Взгляд безумноватых глаз мечется в отчаянной надежде найти отзвук в глазах тех, кому кричит он, и, смутно помня лето своего детства, силится объяснить, рассказать людям про бычий глаз. Но никто не хочет слушать его и понимать. Да и сам он не может найти связующих слов. Мозг вырывает из тьмы незавершенные фразы, которые будят в сознании лишь тревогу. Глаза мутно пучатся от слез, голос срывается в бессилии, и слышны сквозь смех посвистывающие звуки, мучительный рев большого зверя, пойманного людьми, которые никак не хотят понять его, бессловесного.
— Бычий, — мычит он в исступлении и, стиснув зубы, мнет в кулаке бумажную купюру.
В винном отделе магазина ему ничего не дают и, зная по имени, гонят домой — не грубо, но и не ласково, как гонят скотину, которая нужна в хозяйстве.
Участковый милиционер, заглядывающий в этот отдел по вечерам, берет Ипполитова двумя пальцами за одежду выше локтя.
— Сергей Васильевич, — вежливо говорит он и бледнеет от смущения, от неприятной своей обязанности. — Опять, Сергей Васильевич?
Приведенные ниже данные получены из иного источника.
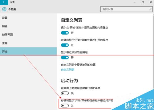 3、在右边栏找到“存储和显示开始菜单和任务栏中最近打开的项目”,直接设置为“关”。如图所示。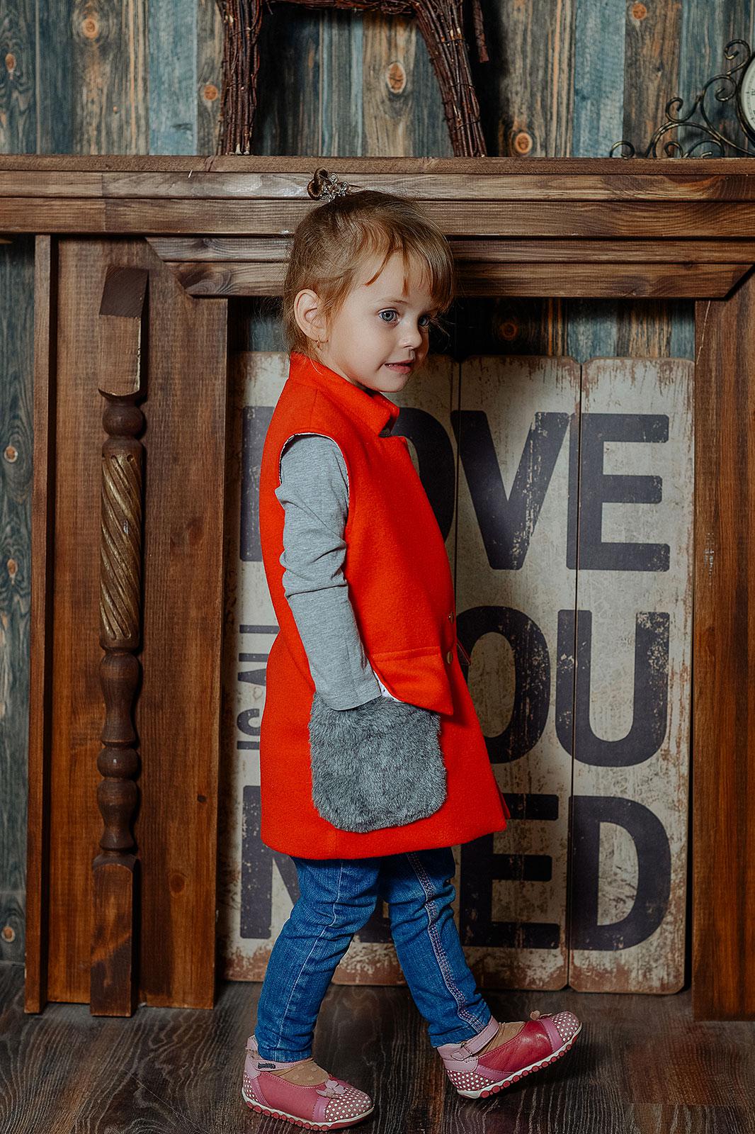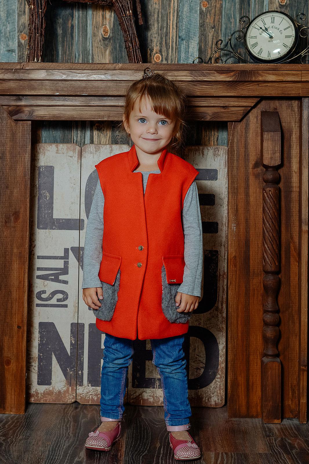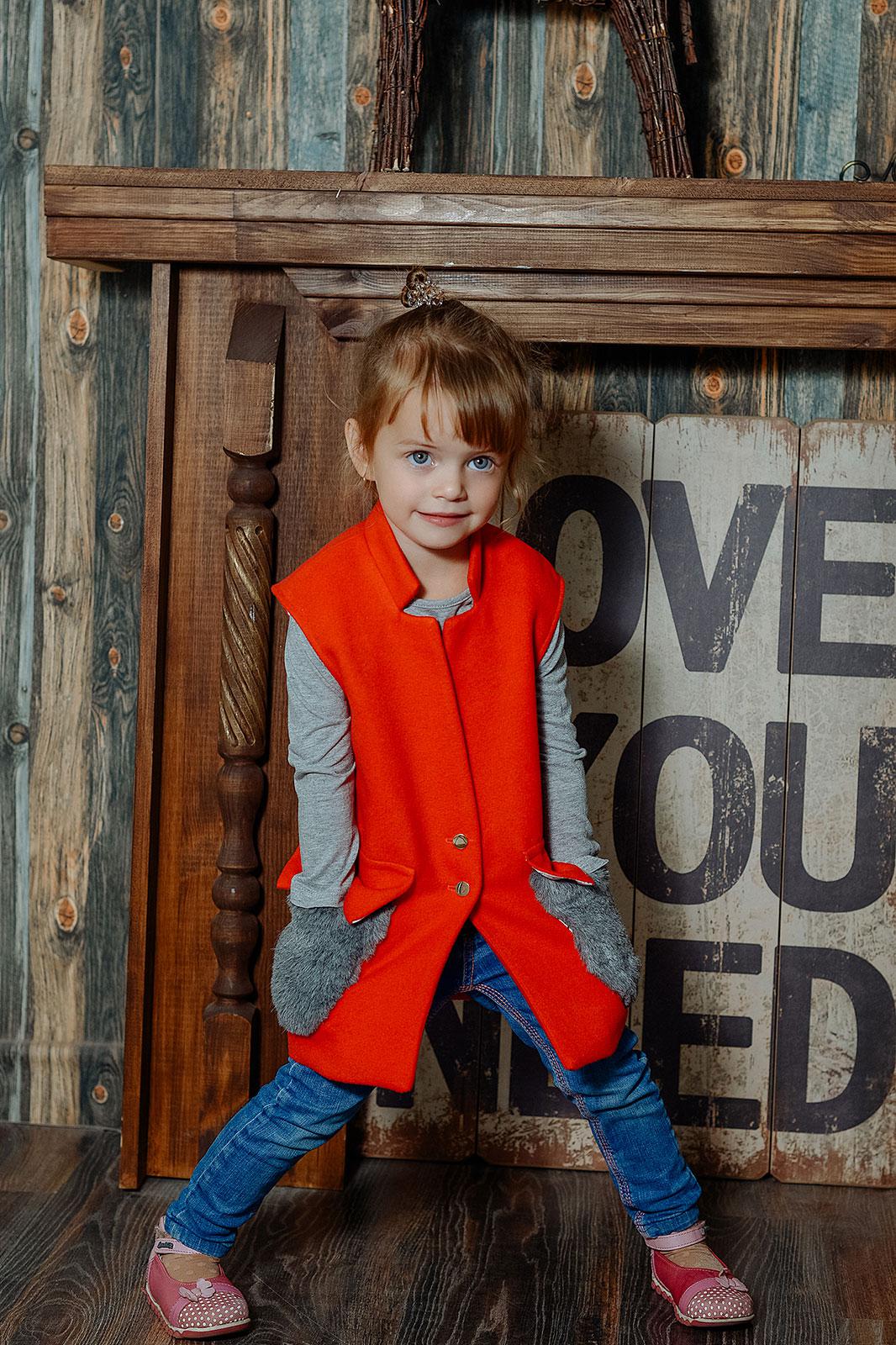 Жилет для маленькой модницы. Выполнено из пальтовой ткани, на подкладке, без утеплителя. Застежка на петли и пуговицы. С большими меховыми накладными карманами. Воротник стойка. Совсем как взрослые, стильно и тепло. Длина по спинке: рост 74, длина 38; рост 80, длина 40 см, рост 86 длина 42 см; рост 92 см, длина 47 см; рост 98 см, длина 49 см; рост 104 см, длина 51 см.

Вы же мне обещали…
— Обещал, — покорно соглашается Ипполитов. — Обещал, да… Я обещал, — твердит он, размашисто махая при этом головой, и разводит руками.
— Сергей Васильевич, — продолжает участковый, откашливаясь от волнения, освобождая спертую грудь, — пойдемте-ка домой. Я вас провожу. — И тянет за рукав побелевшими цепкими пальцами.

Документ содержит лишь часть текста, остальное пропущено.